Reply #3 - Jun 2nd, 2008 at 1:54pm
 
Well, I just got back from my appt with my Neurogolist in preparation of my coming cycle.

Needless to say, he was less then thrilled when I disclosed to him of my attempts to abort my last cycle with the use of shrooms.

But I'm in the process of obtaining the 02 tank with right flow rate, stocking on the Imitrex shots again & now the doc wants to start trying the preventatives again.... filling the Rx for Verapamil later today.

Can't say I'm too enthusastic about starting this path again - but hey.... gotta do what the doctor orders.

Then again, I've been struck with shadows the past cpl weeks.... and who knows, maybe my cycle has started and this is as bad as it gets???  But, on the flip side, I've not experienced shadows pre-cycle before and each cycle has been getting more & more intense - maybe this one is just gearing up to kick my ass 110%.

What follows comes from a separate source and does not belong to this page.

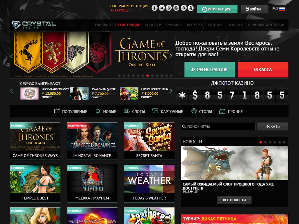 Полностью адаптированный для русскоязычных игроков веб-сайт Кристалл обладает многочисленными достоинствами, но, надо признать, не лишен недостатков. Поэтому, прежде чем регистрироваться, внимательно изучите наш обзор, посвященный данному заведению.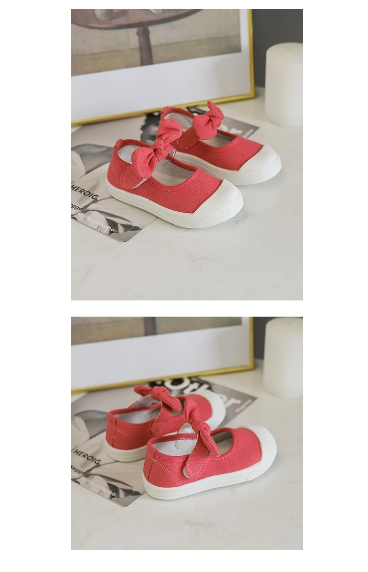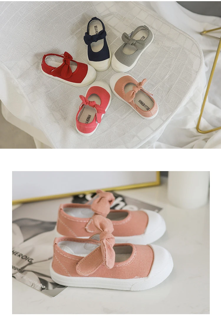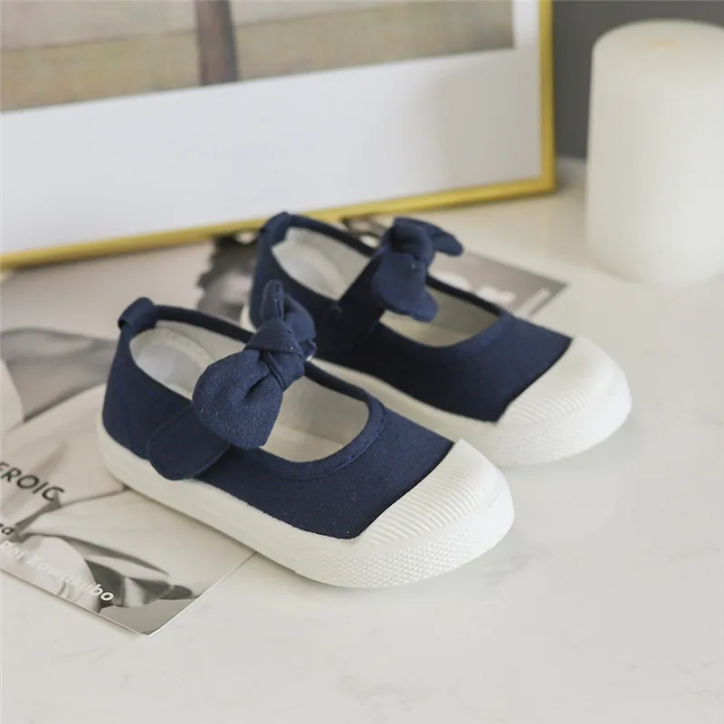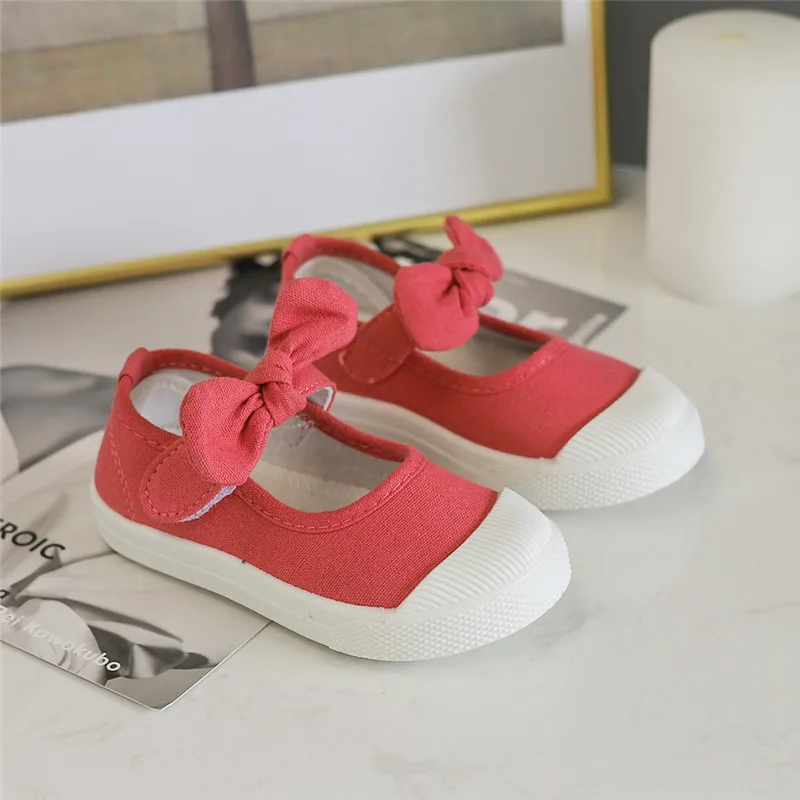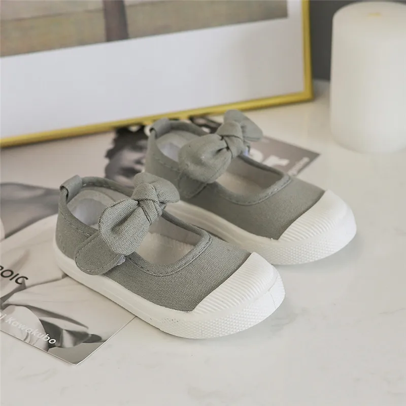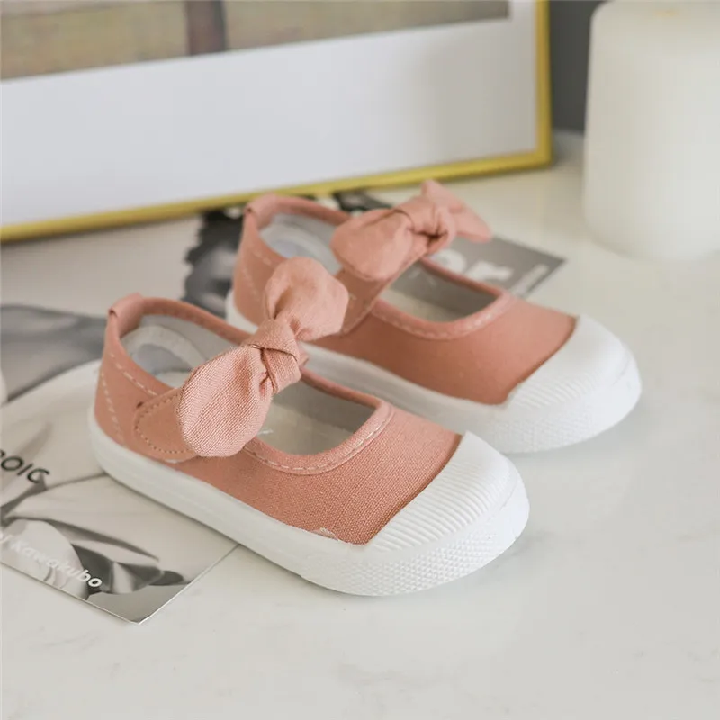 Girls Fashion Hook & Look Canvas Sneakers Children Shoes For Kids Flats Heels Casual Loafer Bow-knot Shoes For Sports

Personally I think the worse thing of the entire situation is all the "not knowing" [from causes and cures - to - when and how long]  Undecided

*sigh* Hasn't started yet and already soooo tired of it already!

~ Aimee ~
Cheesy poke me in the butt please to distract me from myself! Huh

Crap - edited to add: I mentioned something to the doc about getting vials of Imitrex (thought I read about it once) and he looked at me like I had 4 heads.... anyone know the scoop on that?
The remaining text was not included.